Gun Control & RKBA
In reply to the discussion: Who are the Militia? [View all]jimmy the one
(2,708 posts)excop: Gee, I guess the fact That Scalia cited this exact case in Dist. of Columbia v. Heller means that you're wrong, again.
I think you have as much depth in this as a sophomore high school student, I'm not concerned that you think I'm wrong. Scalia could've cited hundreds of lesser court cases, cherry picked out of context to magically create the 'crystal clear an individual right' illusion.
But since you seem to think it's some 'ace in the hole' you've got there, amicus curiae for the militia side in the emerson case ALSO cited this texas case. Howzat grabya student?
{see English v.

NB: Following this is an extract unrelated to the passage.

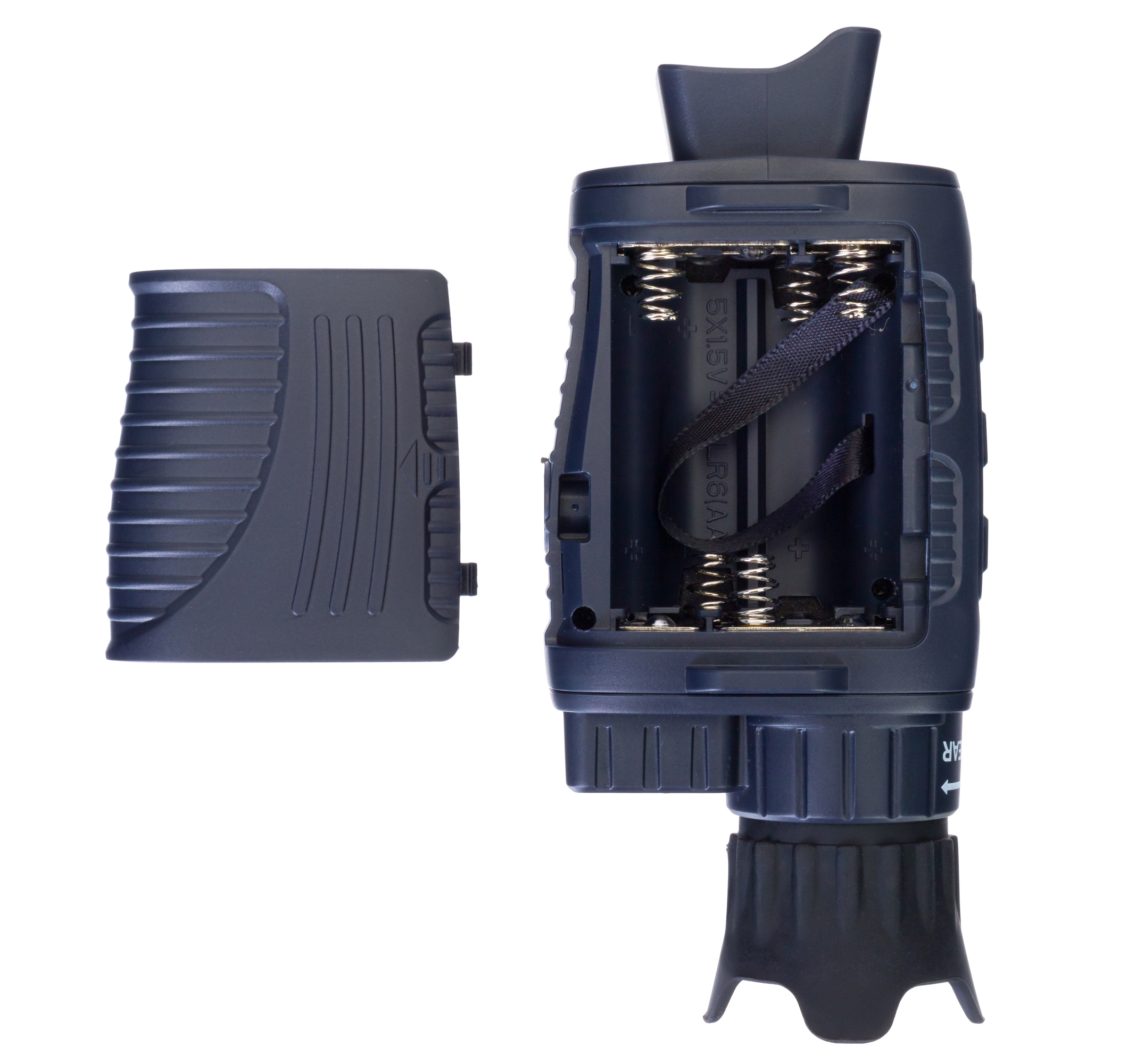 Оптико-цифровая начинка помещена во влагозащищенный корпус эргономичной конструкции. Прибор удобно и надежно лежит в руке, все кнопки управления сразу же оказываются под пальцами. Для питания используются стандартные батарейки, одного заряда которых хватает на 4–10 часов непрерывной работы. Общее время работы на одном заряде зависит от того, насколько интенсивно используется подсветка. Прибор идет в комплекте с настольным штативом, который поможет в проведении длительных стационарных наблюдений и позволит стабилизовать картинку при съемке видео.

State, 35 Tex. (1872)} http://www.potowmack.org/yass.html
Any other deuces you got up your sleeves thinking they're aces?
excop: The furthermore comment means that in addition to the U.S. Constitution, there was a provision in the Texas Constitution that also covered the issue.
How many times do you need be informed that state rkbas after the early 1800's can not (necessarily) be considered applicable to the intent of the 2ndA? Some states morphed into individual interpretations & rkbas, certainly. Even prior to 1791 they should be considered contributorily.
Here's a Ga Superior Ct ruling, 1874: Upon its very front, as we have said, the object of the clause is declared to be to secure to the state a well regulated militia. Has this declaration no significance? Is the clause to be interpreted without reference to it? On the contrary, by the well settled rules for the interpretation of laws, as well as by the dictates of common sense, the object and intent of the law is the prime key to its meaning. A well regulated militia may fairly mean--"the arms-bearing population of the state, organized under the law, in possession of weapons for defending the state, and accustomed to their use." The constitution declares that as such a militia is necessary to the existence of a free state, the right of the people to keep and bear arms shall not be infringed. To effect this end, the right to have arms would seem to be absolute, since without this right, it would not be possible to attain the end contemplated, to-wit: an armed militia, organized and ready for the public exigencies. http://www.constitution.org/2ll/2ndcourt/state/140st.htm
same Ga court: It is insisted that the act .. is an infringement of the right of citizens of this state as guaranteed by the constitution of the {US} and of this state. It is now well settled that the amendments to the constitution of the {US}, are all restrictions, not upon the states, but upon the {US}. therefore, if this act be unconstitutional it must be because it is in conflict with our state constitution.
"No person in said state shall be permitted or allowed to carry about his or her person any dirk, Bowie-knife, pistol or revolver, or any kind of deadly weapon, to any court of justice of any election ground or precinct, or any place of public worship, or any other public gathering in this state, except to militia muster grounds.
..the language of the constitution of this state, as well as that of the {US}, guarantees only the right to keep and bear the "arms" necessary for a militiaman. It is to secure the existence of a well regulated militia; that, by the express words of the clause, was the object of it.." The "arms bearing" part of a people, were its men fit for service on the field of battle. That country was "armed" that had an army ready for fight.